Konferansta Sultan Abdülhamid ile ilgili pek bilinmeyen çok ilginç konulara da değinen Tarihçi-Yazar Koray Kamacı, şu önemli bilgileri vermiştir; Sultan Abdülhamid devri buhranlı bir devirdi. Bu devir içinde parlak bir dönem olan Abdülhamid Han devri gayet önem arz etmektedir. Siyasi dehâ, büyük bir devlet ve aksiyon adamı, yüce şahsiyet, dindâr, tasavvuf ehli ve yüce bir velî Sultan II. Abdülhamid Hân Cennet-mekân rahmetullahi aleyh… Bu saydığımız vasıfları içinde onun, en fazla öne çıkan hususiyetlerinin başında dindarlığı-takvası, muhafazakârlığı, maneviyat erbabı olması gelir. Hayatı boyunca ibadetlerini hiç aksatmamış, abdestsiz evrak imzalamamıştır. ‘’ diyerek manevi yönüne dikkat çekmiştir.

İstanbul Times Haber Merkezi

Ayrıca Konferansta Tarihçi-Yazar Koray Kamacı Sultan Abdülhamid ile alakalı çok önemli bir kıssa anlatmıştır. Bu kıssa öğrenciler arasında ve dinleyenler arasında gayet dikkat çekti. Kıssa şöyledir: ‘’Bir hac rehberinin anlattıklarından, 2. Abdülhamid Han’ın hac yaptığını öğrenmekteyiz. Malum, Osmanlılar zamanında 1900'lü yıllarda, mukaddes topraklarda bugünkü gibi Otel sistemi yoktu... Bu sebeple buralarda yaşayan halk, günlerce önceden şehir dışına çıkar, hiç tanımadığı bir yerden hac yapmak maksadı ile gelen kişileri karşılar, evinde misafir eder, her türlü ihtiyacını karşılar ve bundan da büyük şeref duyarlardı... İşte böyle bir hac mevsiminde (Takriben 1903-1904 yılları) Mekke halkı yine hacıları karşılamak üzere şehir dışına çıkmış... Bu şahıslardan biri, gözüne kestirdiği uzun boylu, endamlı, sakallı, normal giyimli birisinin yanına yaklaşarak, kendisini evinde misafir etmek istediğini bildirip, eğer gelirse büyük şeref duyacağını söyleyerek rica minnet evine davet etmiş… Gelen zat hac müddeti boyunca o kişinin evinde kalmış... Hac zamanı bitiminde bu iki kişi helâlleşerek ayrılmışlar. Ayrılırken, hacı olan zat, hane sahibine bir kese altın hediye etmek istemiş... Hane sahibi bu altınları kabul etmek istememişse de, hacı olan zat fevkalâde ısrar edince, ev sahibi kabul etmek zorunda kalmış... Bir de mektup bırakıp ev sahibine demiş ki:

“Bu mektubu ben gittikten en az bir gün sonra Mekke Emiri’ne teslim et!”

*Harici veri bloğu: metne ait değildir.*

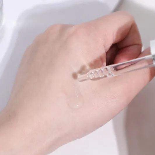 隔着瓶子就能看到里面的液体像水一样,流动性巨好,而且上手很容易推开,随便涂抹一下就被肌肤吸收了,清清爽爽夏天必备!

Hacı gittikten bir müddet sonra hane sahibi kendi kendine; “Allah, Allah! Ben kiiim, koskoca Mekke Emîri kim, bu mektubu yazan o hacı kiiim(!)” diye düşünmüş. Derken hanımı mektubu Mekke Emîri’ne muhakkak vermesi gerektiğini, aksi hâlde vebâl altında kalacağını söyleyerek beyini ikna etmiş... Neticede çeşitli mercilerden geçerek mektubu Mekke Emîri'ne vermiş... Emîr, mektubu açınca hemen ayağa kalkmış, selâm durmuş ve hane sahibine sormuş:

- Şimdi nerede bu misafir ettiğin zat-ı muhterem?

- Efendim, haccını tamamlayıp memleketine döndü.

- Bak mektup nasıl başlıyor: “Ben Harem-i Şerîfin Hâdimi Halîfe-i Müslimîn Sultan Abdülhamid Hân-ı Sâni ki...”

Bunu duyan adam bayılmış... Hayretler içinde kalmış! Meğer hac süresince rehberlik edip gezdirdiği zât Osmanlı padişahı, Sultan II. Abdülhamid Han hazretleriymiş… Sultan hazretleri yazdığı mektupta, emîre, bu zâta büyük bir bina verilmesini ve çoluk çocuğuna maaş bağlanmasını da emretmiş...’’

Konferansta daha sonra söz alan Edebiyat Hocası Mehmet Şahinkoç: ‘’Çok yararlı ve keyifle dinlediğimiz bir konferans oldu. Abdülhamid’i ve bilmediğimiz birçok hususu güzel bir şekilde dile getiren Hocamıza çok teşekkür ediyoruz’’ diyerek kısa bir açıklamada bulunmuştur.